Although it has been nearly 30 years since the addiction treatment disclosure rules of Title 42 CFR, Part 2 have undergone change, the climate of gathering, sharing and protecting data has been anything but static. Proposed rule modifications are now in development, and they will require the careful attention of providers.
As you know, Title 42 CFR, Part 2 limits certain disclosures regarding addiction treatment without the treated individual’s written consent. However, for-profit programs and private practitioners that do not receive federal assistance are not subject to the requirements of 42 CFR, Part 2.
On February 9, 2016, the U.S. Department of Health and Human Services (HHS) released proposed rules designed to modify aspects of 42 CFR, Part 2. In the main, these changes would allow providers to share information more freely about an individual who has been diagnosed with or treated for addiction. Although the proposal is extensive and still maintains HIPAA’s requirement that the individual must grant prior consent for the disclosure of his or her personal health information, the new rules would allow treatment programs to obtain a general disclosure consent from the individual—such as the name of a health information exchange or “my treating providers,” rather than requiring the individual to include the name or title of the specific individuals or organizations in a written consent form to which disclosures may be made, as is currently the case.
Additionally, to balance the allowance of more general disclosure consents, the proposed rules require greater specificity in other areas—namely, requirements to identify the program (or other holder of the information) that will be making a disclosure and to explicitly describe the substance use disorder-related information to be disclosed. According to the proposed rules, descriptions such as “all my records” and “only the substance use disorder records my family knows about” are insufficient.
Last, under the proposed rules, a valid written disclosure consent form must contain representations that the individual signing the form understands the terms of the consent and that the individual understands his or her right to obtain an accounting of disclosures made.
Although the proposed rules have yet to be finalized, many addiction treatment providers are asking how to make sure they are in compliance with the current version of 42 CFR, Part 2 and how they might prepare for any upcoming changes.
From a compliance perspective, there are a few key areas to which providers should consider paying close attention:
1. Policies and Procedures – Does your organization have policies and procedures in place concerning information privacy that are specifically tailored to addiction treatment providers and the requirements of 42 CFR, Part 2, as well as HIPAA regulations? Do your policies and procedures reflect state law requirements? Do you have a trusted advisor able to modify your policies and procedures to reflect changes in the law?
Many provider organizations in the addiction treatment space are still using a set of “canned” policies and procedures downloaded from the internet or purchased from an attorney with little knowledge of addiction treatment regulation. This is a recipe for liability. Make sure your policies and procedures are narrowly tailored for your organization’s needs. Cutting corners in this area can lead to violations, fines and penalties.

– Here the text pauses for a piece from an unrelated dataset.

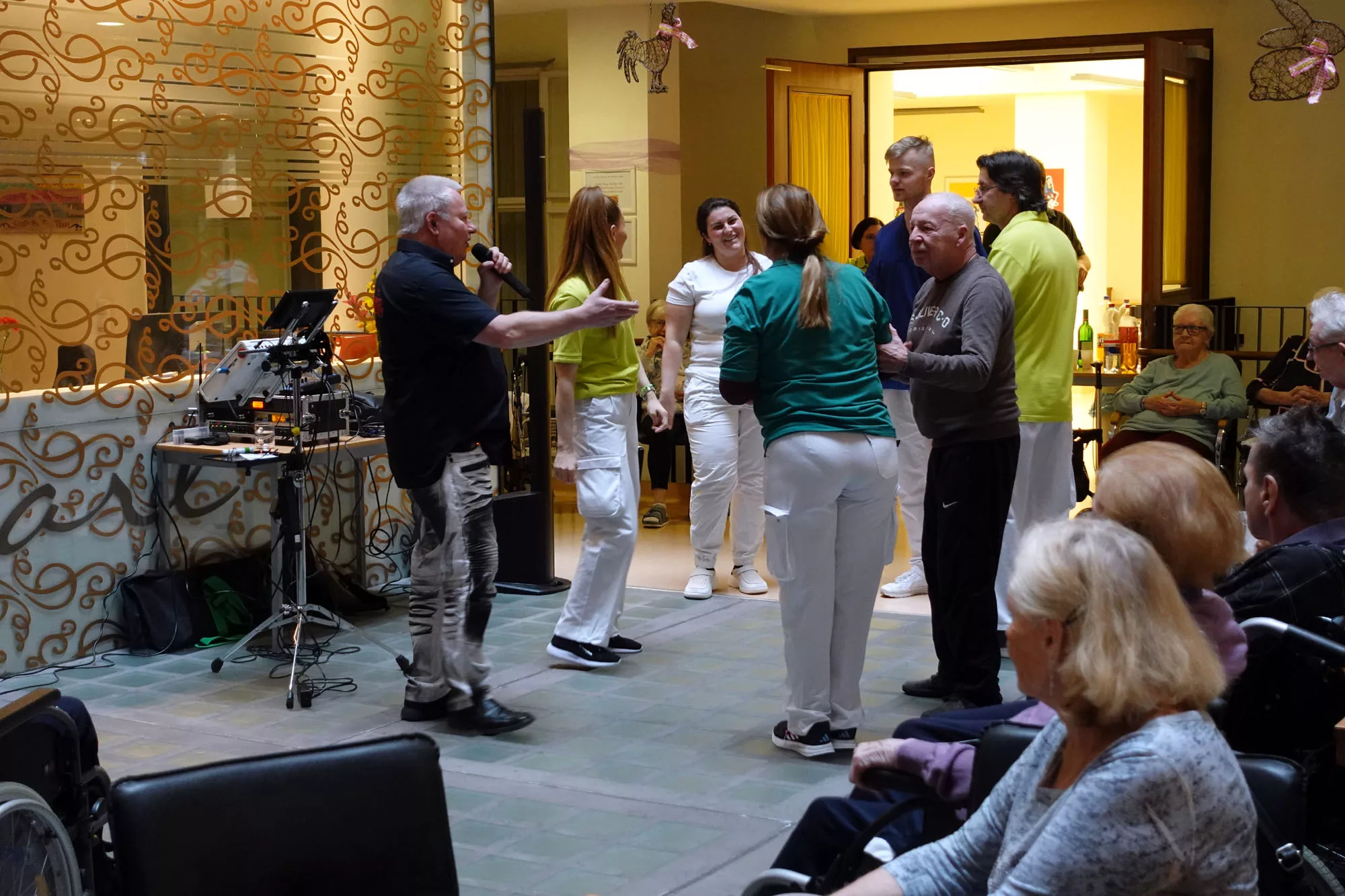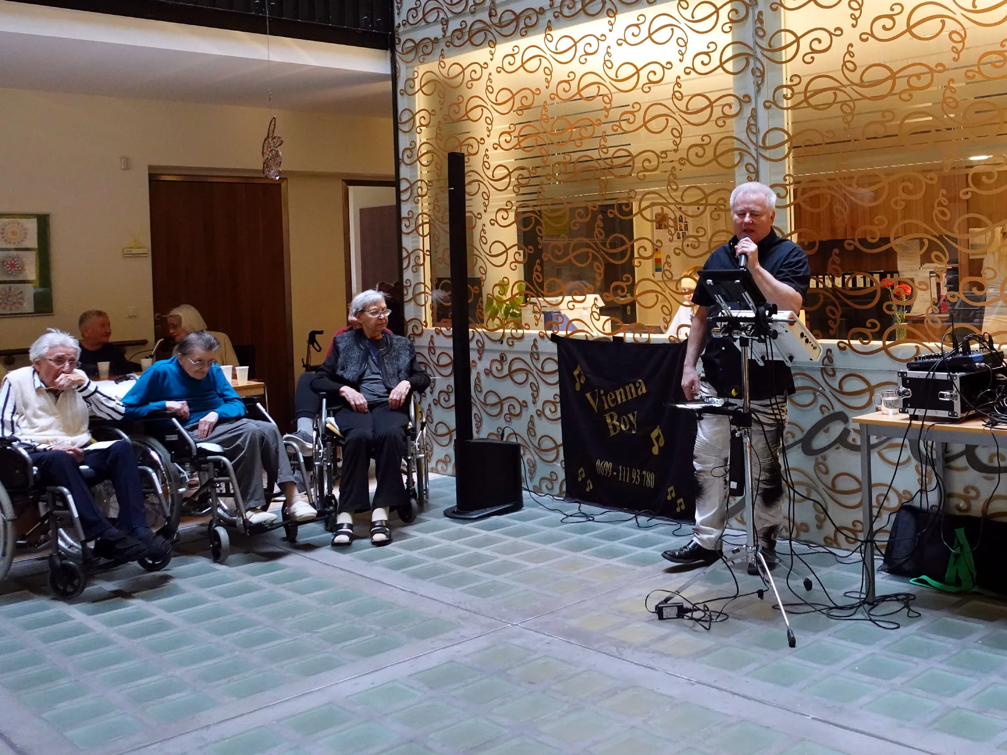 Sie wünschen – Erwin spielt. Ein Dauergast im „Wie daham,…“ Seniorenschlössl Brigittenau ist Entertainer Erwin, alias „Viennaboy“, der die SeniorInnen mit Schlagern, Hits und Evergreens untehält. Sehr gerne geht er auf die Wünsche nach Musikstücken der BewohnerInnen ein.

2. Education and Training – Does your organization effectively train your staff at least annually on how to properly apply your policies and procedures and the requirements of HIPAA? Does the training cover the requirements of 42 CFR, Part 2, or is it just an “off the shelf” version of HIPAA training designed for a general physician’s office? Does your training cover your organization’s state law obligations as well? Do you have a plan in place to modify your staff training to cover the future regulatory changes set forth in the proposed rules?
Failing to properly train employees regarding your policies and procedures substantially increases your compliance risk. Make sure the necessary education is undertaken frequently and with care, and that your training is updated when legal requirements change.
3. Disclosure Authorization Forms and Other Documentation – Does your organization use up-to-date information disclosures and other authorizations? Do these forms comply with HIPAA, 42 CFR, Part 2, as well as state law restrictions? Do you have a means of amending your forms when federal or state laws are modified?
Using dated forms or “canned” versions may save money in the short run but courts disaster in the long run. In many cases, staying in compliance is much more affordable than you might believe and is certainly less expensive than the costs of defense lawyers, fines and penalties.
Remember, although healthcare compliance requires vigilance, it is a necessity in today’s healthcare regulatory climate. Devoting the necessary time and resources will save you headache (and perhaps heartache) down the line and is, ultimately, the best business decision you can make. In matters of compliance—as well as matters of healthcare—an ounce of prevention is often worth a pound of cure.
Nicholas Merkin is the chief executive officer of Compliagent, a Los Angeles-based regulatory compliance consulting firm for healthcare providers and partner of the American Addiction Treatment Association.
 42 CFR § 2.22—2.31.
 In some cases, state licensing bodies or certification agencies require compliance with these regulations, notwithstanding receipt of federal assistance. Additionally, any provider that uses a controlled substance for detoxification or maintenance treatment of a substance use disorder is required to comply with 42 CFR, Part 2 through the provider’s DEA license, regardless of federal assistance.
 81 Fed. Reg. 6987-7024 (February 09, 2016).
 There are other proposed changes, such as those addressing disclosures for research purposes and updating the regulations to cover electronic records, etc.
 Id. at Part D (Confidentiality Restrictions and Safeguards (§ 2.13)).